Article 5G.

Solid Waste Disposal Tax.

§ 105-187.60.  Definitions.

The definitions set out in G.S. 105-164.3 and G.S. 130A-290 apply to this Article. (2007-550, s. 14(a).)

 

§ 105-187.61.  Tax imposed.

(a) Tax Rate. - An excise tax is imposed on the disposal of municipal solid waste and construction and demolition debris in any landfill permitted pursuant to Article 9 of Chapter 130A of the General Statutes at a rate of two dollars ($2.00) per ton of waste. An excise tax is imposed on the transfer of municipal solid waste and construction and demolition debris to a transfer station permitted pursuant to Article 9 of Chapter 130A of the General Statutes for disposal outside the State at a rate of two dollars ($2.00) per ton of waste.

(b) Tax Liability. - The excise tax imposed by this section is due on municipal solid waste and construction and demolition debris received from third parties and on municipal solid waste and construction and demolition debris disposed of by the owner or operator. The tax is payable by the owner or operator of each landfill and transfer station permitted under Article 9 of Chapter 130A of the General Statutes. (2007-550, s. 14(a).)

 

§ 105-187.62.  Administration.

(a) Collection. - The owner or operator of each landfill and transfer station permitted pursuant to Article 9 of Chapter 130A of the General Statutes must maintain scales designed to determine waste tonnage that are approved by the Department of Agriculture and Consumer Services.

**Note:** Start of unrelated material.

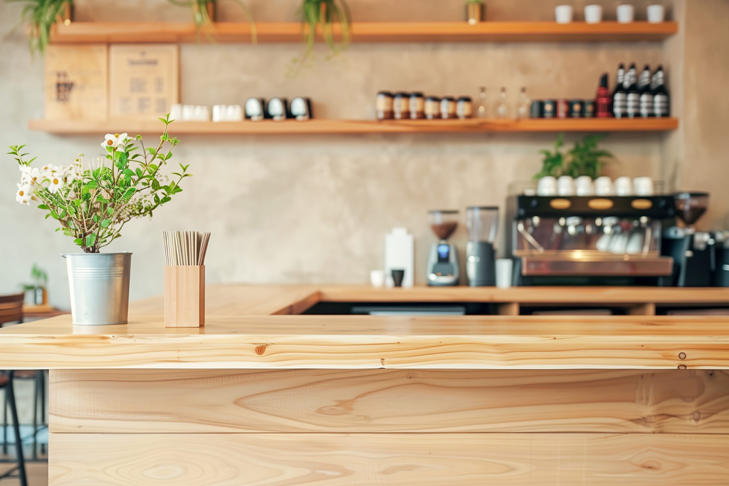 検索タグ:カフェ、cafe、飲食店、オシャレ、お洒落、おしゃれ、木のテーブル、フリー素材、フリー画像、AI生成画像、デザイン、カウンターテーブル、カウンター、装飾、DIY

Each owner or operator must record waste tonnage disposed of in a landfill or transferred to a station for disposal outside the State and must maintain other records as required by the Secretary of Revenue. An owner or operator may add the amount of the solid waste disposal tax due to the charges made to a third party for disposal of municipal solid waste or construction and demolition debris.

(b) Payment. - The tax imposed by this Article is payable when a return is due. A return and payment are due on a quarterly basis. A quarterly return covers a calendar quarter and is due by the last day of the month following the end of the quarter.

(c) Bad Debt Deduction. - In the event that an owner or operator pays the tax on tonnage received from a customer and the account of that customer is found to be worthless and charged off for income tax purposes, the owner or operator may recover the tax paid on the tonnage it received but for which it was never compensated. The tax shall be recovered by reducing the overall tonnage on which the owner or operator pays tax in a calendar quarter by the tonnage for which it was never compensated from the worthless account. A local government that has paid tax on an account that is subsequently found to be worthless shall recover the tax paid in the same manner, if it meets all the conditions for recovery that would apply if the local government were subject to income tax. If the owner or operator subsequently collects on an account that has been declared worthless, any tax recovered must be repaid in the next calendar quarter. (2007-550, s. 14(a); 2008-207, s. 1.)

 

§ 105-187.63.  Use of tax proceeds.

From the taxes received pursuant to this Article, the Secretary may retain the costs of collection, not to exceed two hundred twenty-five thousand dollars ($225,000) a year, as reimbursement to the Department. The Secretary must credit or distribute taxes received pursuant to this Article, less the cost of collection, on a quarterly basis as follows:

(1) Fifty percent (50%) to the Inactive Hazardous Sites Cleanup Fund established by G.S. 130A-310.11.

(2) Thirty-seven and one-half percent (37.5%) to cities and counties in the State on a per capita basis, using the most recent annual estimate of population certified by the State Budget Officer. One-half of this amount must be distributed to cities, and one-half of this amount must be distributed to counties. For purposes of this distribution, the population of a county does not include the population of a city located in the county.

A city or county is excluded from the distribution under this subdivision if it does not provide solid waste management programs and services and is not responsible by contract for payment for these programs and services. The Department of Environmental Quality must provide the Secretary with a list of the cities and counties that are excluded under this subdivision. The list must be provided by May 15 of each year and applies to distributions made in the fiscal year that begins on July 1 of that year.

Funds distributed under this subdivision must be used by a city or county solely for solid waste management programs and services.

(3) Twelve and one-half percent (12.5%) to the General Fund. (2007-543, s. 2; 2007-550, s. 14(a); 2008-207, s. 2; 2009-484, s. 4; 2013-360, s. 14.18(a); 2015-241, s. 14.30(u).)

 

§ 105-187.64: Reserved for future codification purposes.

 

§ 105-187.65: Reserved for future codification purposes.

 

§ 105-187.66: Reserved for future codification purposes.

 

§ 105-187.67: Reserved for future codification purposes.

 

§ 105-187.68: Reserved for future codification purposes.

 

§ 105-187.69: Reserved for future codification purposes.